Exercise: Transcribe, word for word, only the lines from the one containing "Système hydraulique souterrain, distribution" through the end of the material below. Pictures stay out.

Segment Start: Material for this exercise

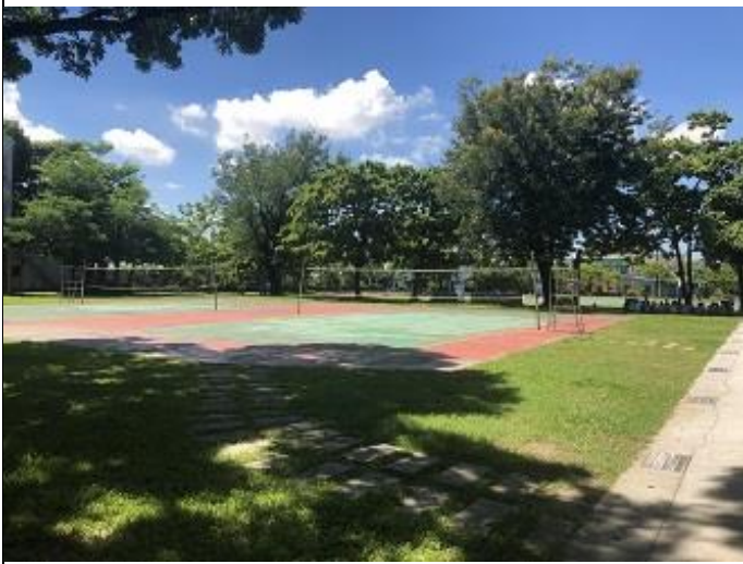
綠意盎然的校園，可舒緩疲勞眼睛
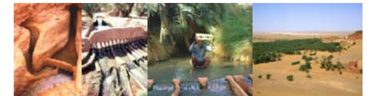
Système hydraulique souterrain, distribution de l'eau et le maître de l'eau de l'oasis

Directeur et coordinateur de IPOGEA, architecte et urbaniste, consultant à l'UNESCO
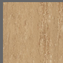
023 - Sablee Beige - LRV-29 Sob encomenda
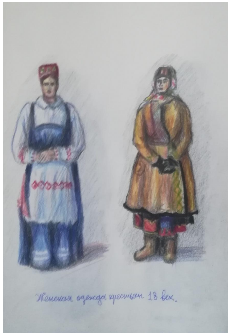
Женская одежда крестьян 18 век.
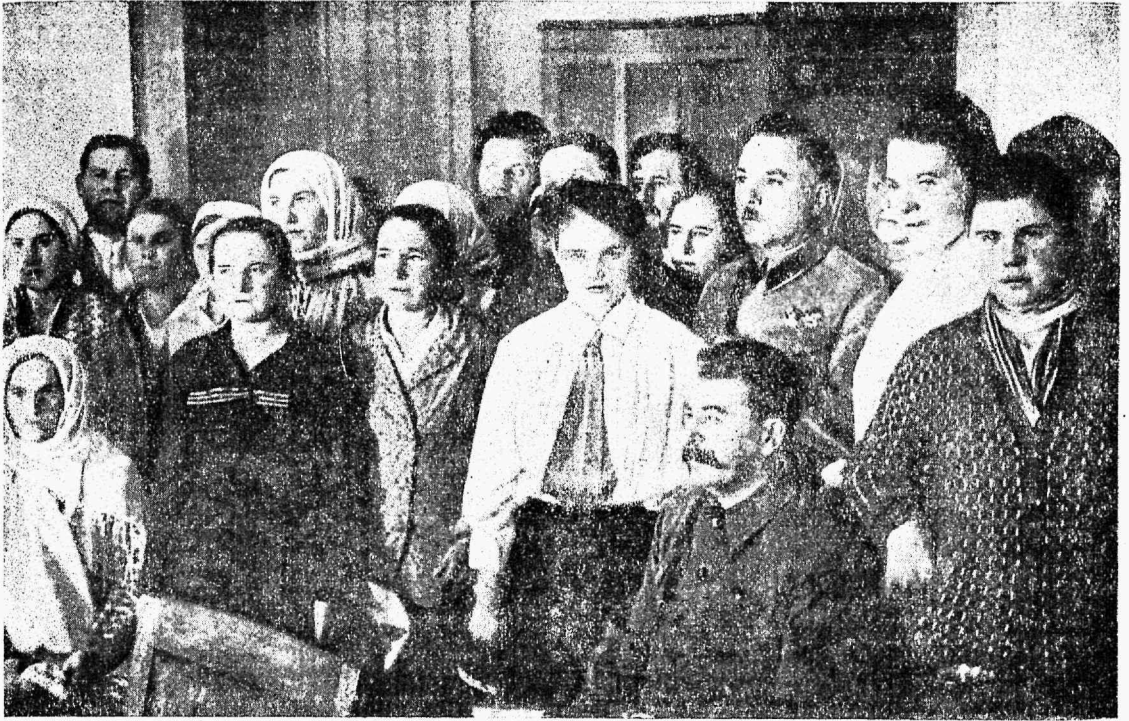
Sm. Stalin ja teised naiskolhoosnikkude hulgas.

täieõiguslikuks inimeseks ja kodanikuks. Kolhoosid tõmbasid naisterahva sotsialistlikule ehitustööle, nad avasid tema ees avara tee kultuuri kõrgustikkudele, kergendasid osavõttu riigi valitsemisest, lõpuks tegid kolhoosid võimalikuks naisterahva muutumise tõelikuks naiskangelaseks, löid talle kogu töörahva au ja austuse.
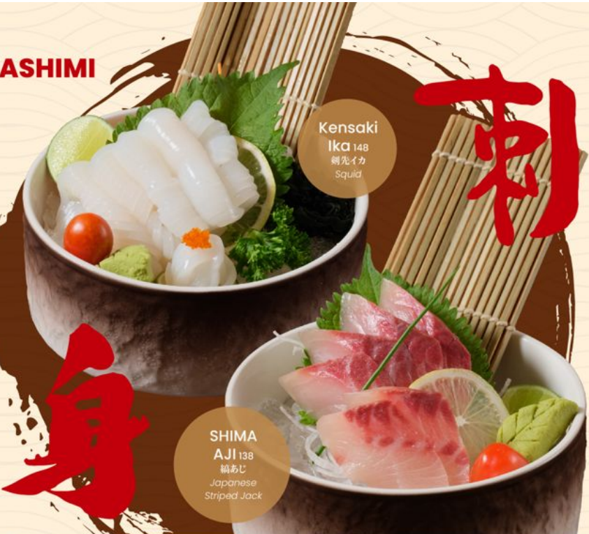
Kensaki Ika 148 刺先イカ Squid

Segment End: Material for this exercise

Task output:
Système hydraulique souterrain, distribution de l'eau et le maître de l'eau de l'oasis

Directeur et coordinateur de IPOGEA, architecte et urbaniste, consultant à l'UNESCO
023 - Sablee Beige - LRV-29 Sob encomenda
Женская одежда крестьян 18 век.
Sm. Stalin ja teised naiskolhoosnikkude hulgas.

täieõiguslikuks inimeseks ja kodanikuks. Kolhoosid tõmbasid naisterahva sotsialistlikule ehitustööle, nad avasid tema ees avara tee kultuuri kõrgustikkudele, kergendasid osavõttu riigi valitsemisest, lõpuks tegid kolhoosid võimalikuks naisterahva muutumise tõelikuks naiskangelaseks, löid talle kogu töörahva au ja austuse.
Kensaki Ika 148 刺先イカ Squid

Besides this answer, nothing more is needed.